── GIVEN ENTRIES

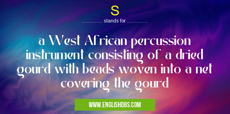 S mostly used in an acronym African in Category Regional that means a West African percussion instrument consisting of a dried gourd with beads woven into a net covering the gourd
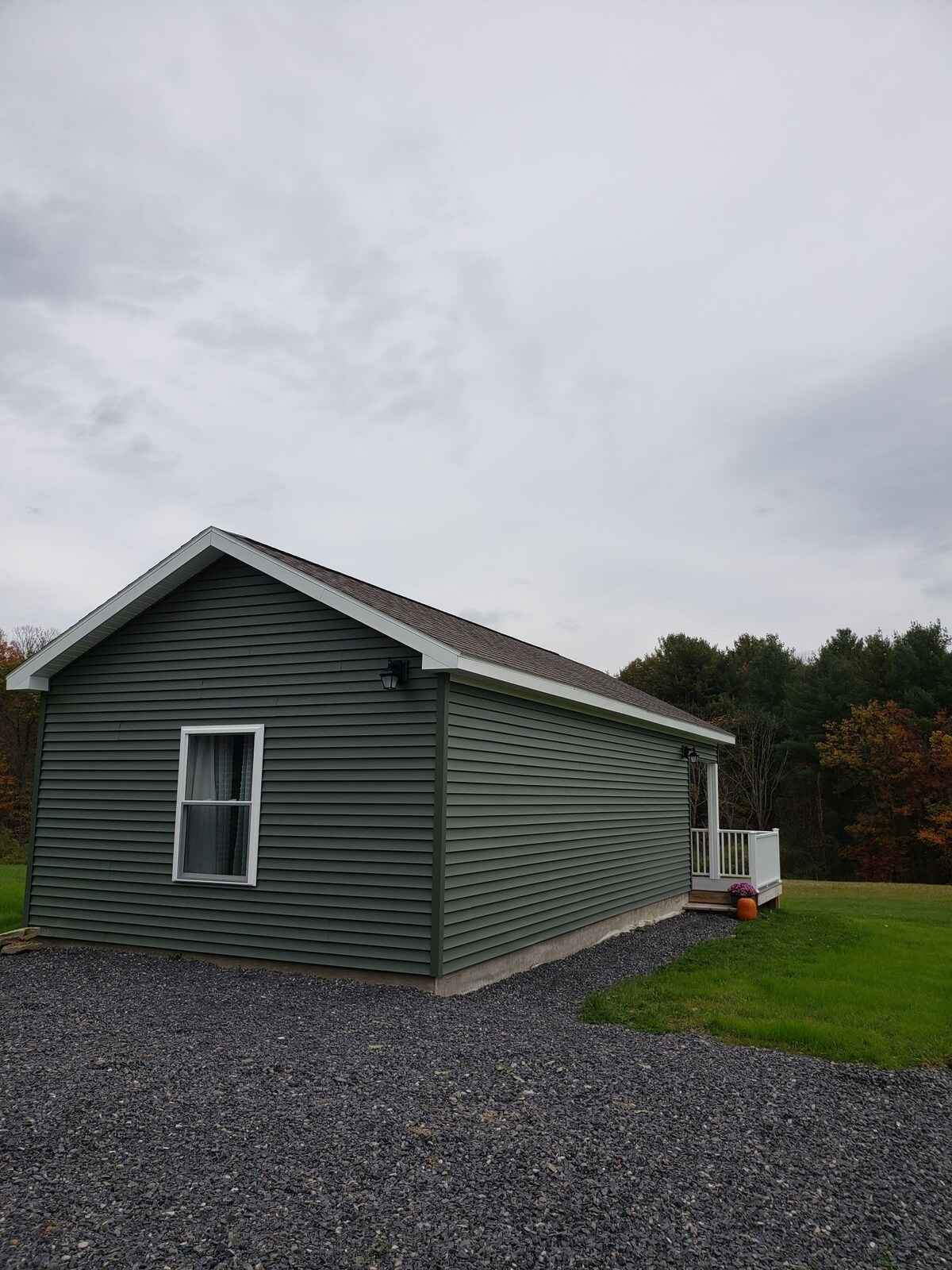 Et lille hus med hjemmets bekvemmeligheder. Etværelses trappefri svit med fantastiske solnedgange og følelsen af at være midt i skoven, mens du stadig er tæt nok på at nyde en rimelig køretur til nogle af Finger Lakes bedste vandrestier, mad, vingårde og andre destinationer. Hvis du kommer om vinteren, vil du ønske, at du havde en firhjulstrækker, hvis der er sne på vejene, men en halv mil ned ad bakken, og du er på den statslige motorvej til Finger Lakes-regionen.
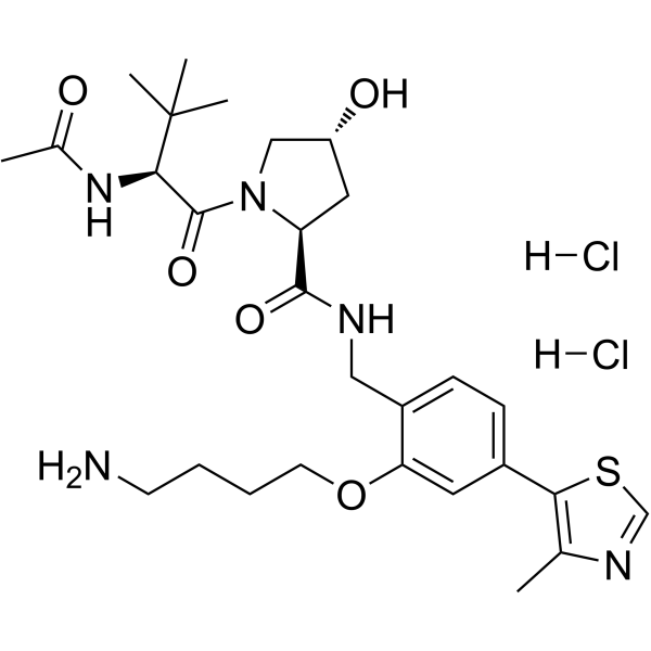 InChI=1S/C28H41N5O5S.2ClH/c1-17-24(39-16-31-17)19-8-9-20(23(12-19)38-11-7-6-10-29)14-30-26(36)22-13-21(35)15-33(22)27(37)25(28(3,4)5)32-18(2)34;;/h8-9,12,16,21-22,25,35H,6-7,10-11,13-15,29H2,1-5H3,(H,30,36)(H,32,34);2*1H/t21-,22+,25-;;/m1../s1
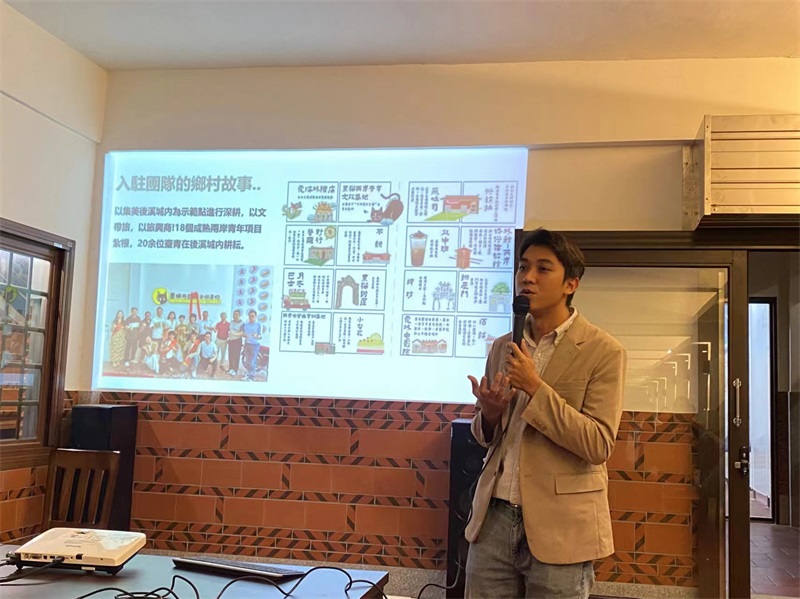 吳炳璋分享鄉(xiāng)村的故事。受訪者 供圖 東南網(wǎng)2月5日報道(記者 盧金福)近日,30多名兩岸青年在廈門集美區(qū)城內(nèi)不耕小院和大師工作坊兩地一起享受了一場氛圍感和煙火氣滿滿的迎新春活動。在福建創(chuàng)業(yè)奮斗的臺灣青年、黑貓兩岸青年文旅基地執(zhí)行長吳炳璋等臺青們還走進(jìn)城內(nèi)村村民家中將書寫的“福”字贈送給城內(nèi)的居民,與他們分享新春的喜悅與祝福。來到大陸創(chuàng)業(yè)6年來,吳炳璋帶領(lǐng)兩岸青年走進(jìn)鄉(xiāng)村,開展文旅融合、空間改造、制作短視頻等活動,挖掘風(fēng)俗、村史、美食等,幫助大陸鄉(xiāng)村挖掘文化,實現(xiàn)鄉(xiāng)村振興。
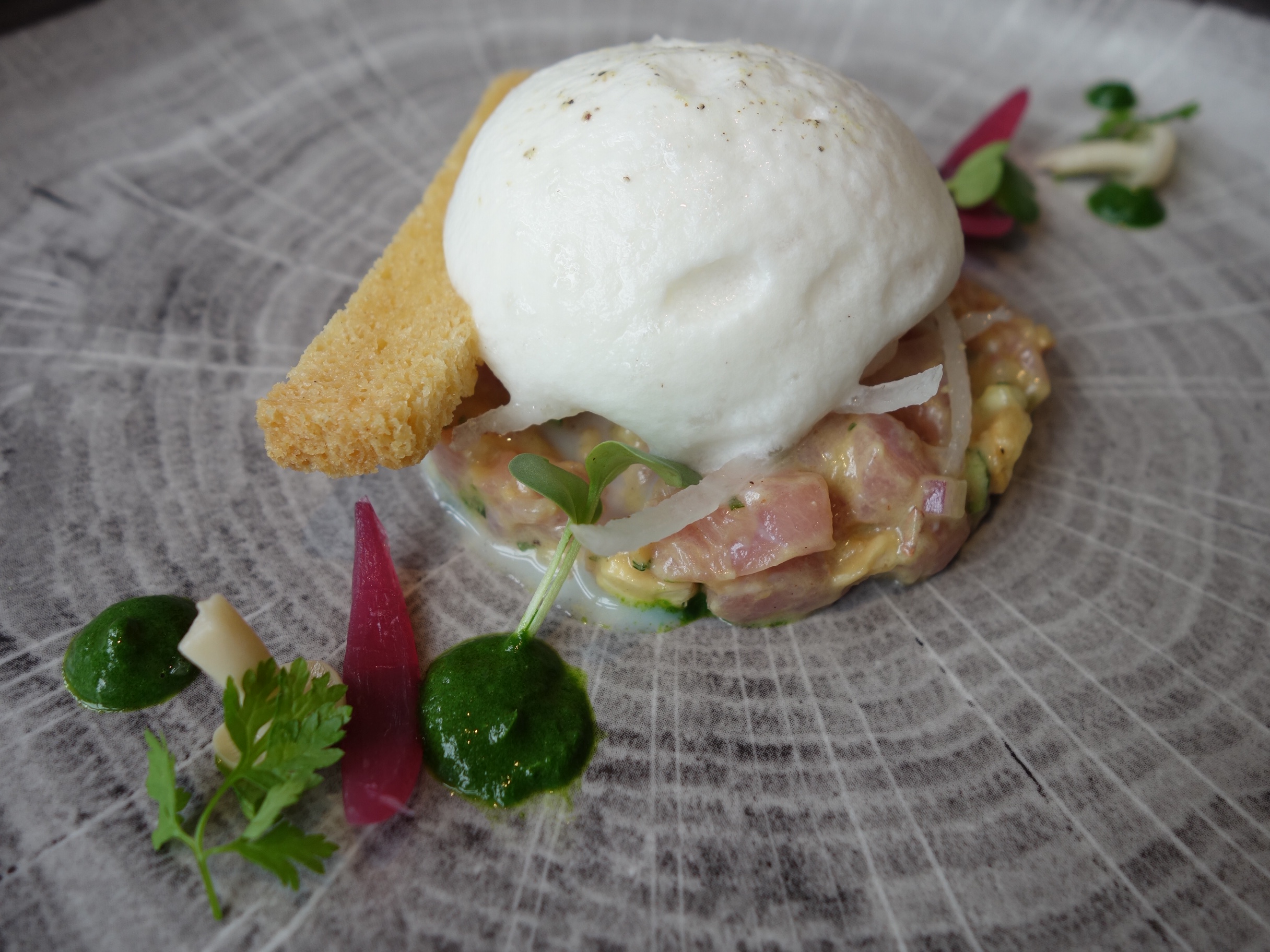 Tout commence par un Tartare de Veau aux Noix de Cajou, Jaune d’Œuf crémeux à l’Huile d’Olive, Radis Daïkon, Purée d’Épinards, Shimeji au Vinaigre et Croûtons au Beurre. Douce découverte de belles saveurs.
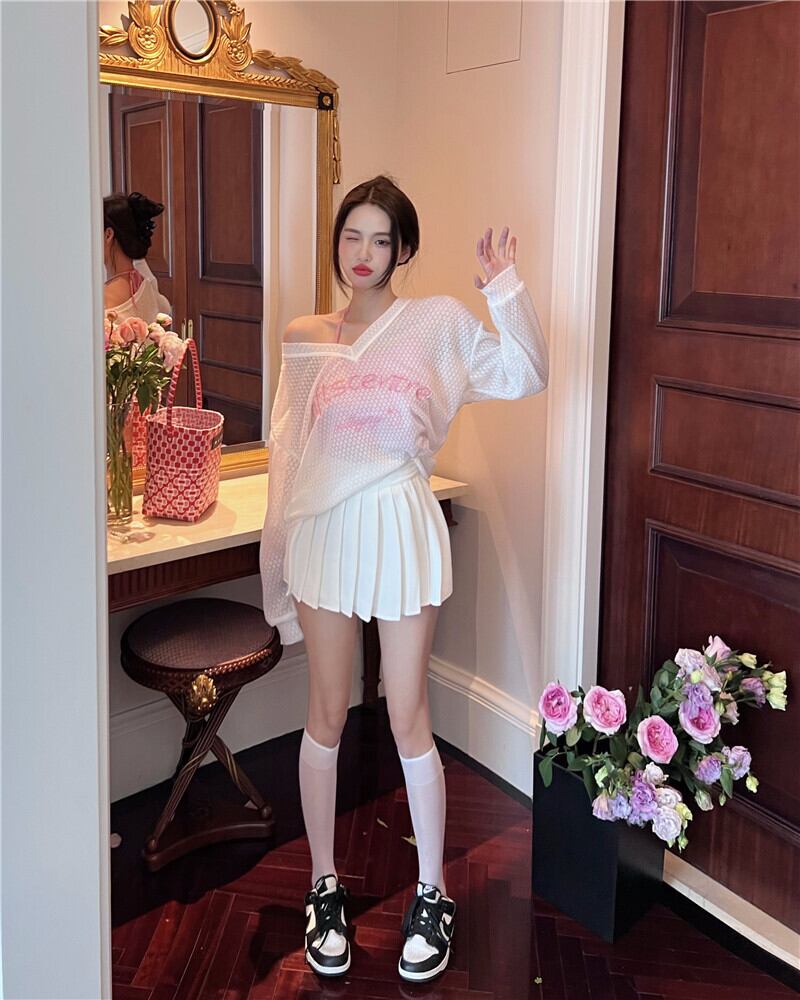 Letter embroidery v-neck sunscreen sweater women's summer 2022 new net red all-match white blouse loose top ホワイト レッド ブラウス 刺繍 サマー 夏物 Vネック 0921924779141878
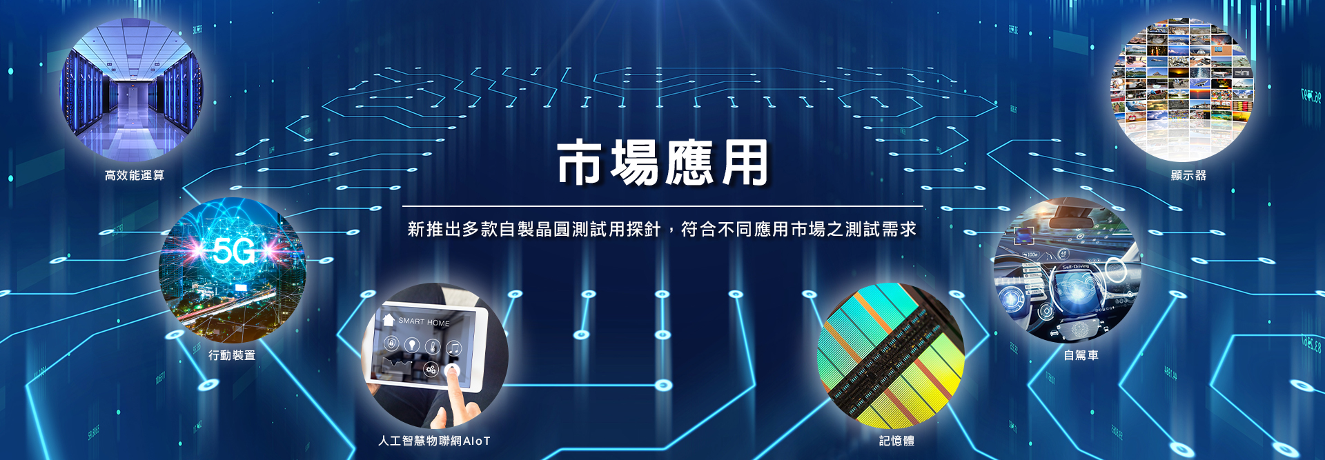 人工智慧(AI)結合物聯網(IoT)技術所收蒐且分析有效數據資訊的AIoT,將為人們帶來更便利的科技生活,為此,需佈署大量各項功能的感測器,例如溫度、壓力、聲波、影像辨識…等,亦得進行物與物之間的短距聯網傳輸,及針對小量資訊進行邊緣運算。CHPT推出符合無線通訊之WiFi、BLE晶片測試用的NS/BR系列探針卡;符合MCU晶片測試用的NS系列探針卡;以及符合CIS晶片測試用的MJ系列探針卡。
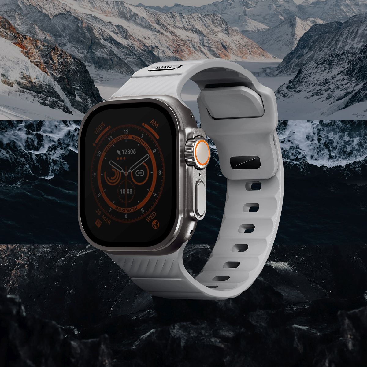 UNIQ Stride FKM řemínek pro Apple Watch 49/46/45/44 mm Chalk grey

────

Skip the pictures and restate exactly the lines from the beginning of the listing to the line with "Et lille hus", that line included.

 S mostly used in an acronym African in Category Regional that means a West African percussion instrument consisting of a dried gourd with beads woven into a net covering the gourd
 Et lille hus med hjemmets bekvemmeligheder. Etværelses trappefri svit med fantastiske solnedgange og følelsen af at være midt i skoven, mens du stadig er tæt nok på at nyde en rimelig køretur til nogle af Finger Lakes bedste vandrestier, mad, vingårde og andre destinationer. Hvis du kommer om vinteren, vil du ønske, at du havde en firhjulstrækker, hvis der er sne på vejene, men en halv mil ned ad bakken, og du er på den statslige motorvej til Finger Lakes-regionen.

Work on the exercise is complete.